# Tire pressures...........



## johnebgoode (Oct 4, 2005)

I experimented with my tire pressures. I am running Toyo Proxes (17" Stock size). I lowered frts. to 33lbs and rears to 30 lbs. Was at 35 on all 4. I see a positive difference in the way the car handles and the way it leaves from a stop when I nail it. What pressures are you running? How is car handling in cold weather?


----------



## Russ2005 (Nov 24, 2005)

I have settled on fronts at 31 and rear at 29/30 (warm) on the factory BF Goodrich tires. That is about the best I can get them and they still handle like chit! As soon as I round up $1K that is the next mod I am making.


----------



## J.E.T. (Sep 30, 2005)

Running 40 psi all around.......a little rough on the ride but worth it IMO. I have the new Goodyear F1 G3 D3's.

JET


----------



## QSGTO (Nov 21, 2005)

Russ2005 said:


> I have settled on fronts at 31 and rear at 29/30 (warm) on the factory BF Goodrich tires. That is about the best I can get them and they still handle like chit! As soon as I round up $1K that is the next mod I am making.

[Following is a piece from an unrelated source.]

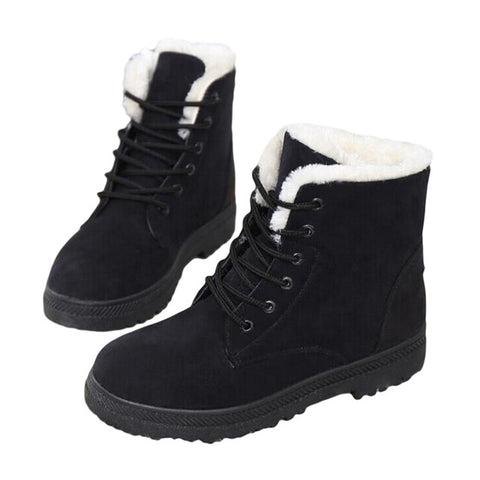 2017 New Fashion Women's Winter Short Boots Sheepskin Thickened Fur Shoes Keep Botas Mujer Lace Up Flock Warm Ankle Snow Boots
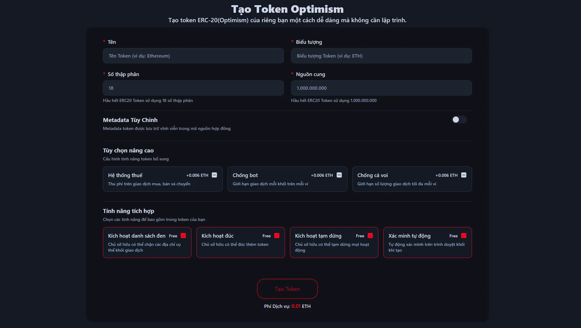 dApp này tuân thủ đầy đủ tiêu chuẩn Optimism (ERC-20), được thiết kế để giải quyết các vấn đề về khả năng mở rộng của Ethereum, nổi tiếng với phí thấp và tốc độ xử lý nhanh. Ngoài việc tạo token đơn giản, bạn có thể tự do cấu hình các tùy chọn chi tiết để phù hợp với đặc điểm dự án của mình.

Want a good deal on tires? go to www.discounttiredirect.com. They come with free shipping. Take them to your local discount tire or any tire store and have them installed. I saved $20 each that way on my drag radials. Be sure to buy the free replacement certificates. It's worth it. I got nails in the sidewalls the third week I had them.arty:


----------